Step 2: Physical preparation - Set the scene

The last thing you would want is to be mentally prepared and then find the world is against you: you can’t find your notes, the kids are due home in ten minutes, your phone is running through its full range of noises.

For a productive session - as opposed to just one of those important, but ad hoc writing moments - get as many of the predictable, but manageable, distractions out of the way. If anything does go wrong, we’ll make a note about it in debriefing (see later).

Think of anything you need to achieve your goal (previous research notes to hand, files on your computer located, etc.) BEFORE you start and make sure you have them available. That might also include some refreshments or a snack if you’ve set yourself a long one.

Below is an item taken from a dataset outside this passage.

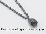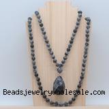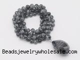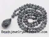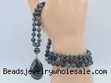 Details: Hand-knotted obsidian mala necklaces: 108 8mm/10mm round snowflake obsidian beads with agate pendant/12mm guru bead and agate pendant (you can choose different pendants, but there will be tiny different in shape & color, we will make the jewelry randomly according to our stock) Item: GMN4930 Material: No.1: 8mm: 108 8mm snowflake obsidian beads & agate pendant 10mm: 108 10mm snowflake obsidian beads & agate pendant No.2: 8mm: 108 8mm snowflake obsidian beads, 12mm guru bead & agate pendant 10mm: 108 10mm snowflake obsidian beads, 12mm guru bead & agate pendant Color: See image Length (inch): Necklace length: 8mm: approx 37 - 40 inches (Not including guru bead & pendant) 10mm: approx 46 - 50 inches (Not including guru bead & pendant) Pendants: approx 18*35mm - 28*40mm Quantity Discount Pricing: 1 - 4: None 5 - 49: 95% 50 - 99: 90% 100+: 85% This mala is available in both 8mm and 10mm beads, The listed price is for 1 piece 8mm mala necklace

I demanded a time limit on your goal earlier. You might want to keep going if you are in flow, but that’s the same as having an unstructured session and that’s not what we’re doing today. Set an alarm and stick to it. This will make sure we start generating those metrics as well (they’re coming).

Okay. Ready? Off you go!

Ring, ring! Awooga! Honk, honk! (or whatever noise your alarm makes)… or, you achieved your goal before the alarm went off? Nice work!

Whichever it is, pens down… please.

Step 3: Future preparation - Record your score

Firstly, reward yourself: a deep breath, kettle on, or similar, marking that the session is over. But make it brief because there is an important final task that needs to be done as soon as possible after your efforts - and make sure it is very soon after because you won’t remember the details if you leave it too long.

I want you to keep a record of all your formal sessions: a diary or log book. In it, write what your goal was, the time estimate and whether you achieved it or not. If you didn’t achieve it, how much did you achieve? This is where a goal which has a very measurable deliverable is very useful. Record anything which went wrong during the session (next door banged on the door wanting to borrow sugar… again!) or anything which really helped you get there (my new editing software made things much easier).

This information might show you need more–or less–time to achieve things in future. It might point out that you need to be more organised because you found things hard to find, or you have to have a word with Mrs Higgins at no. 5 about your writing commitments. Note: I would always collect information from a few similar sessions before making a decision, unless it’s obvious; you might have just had a bad day.

You can also collect the metrics to work out how long it takes you to do things. Then you can give a reliable… well, some sort of timescale, to your publisher about how long it will take you to finish your next, great novel.

Are you prepared? Good luck with your work!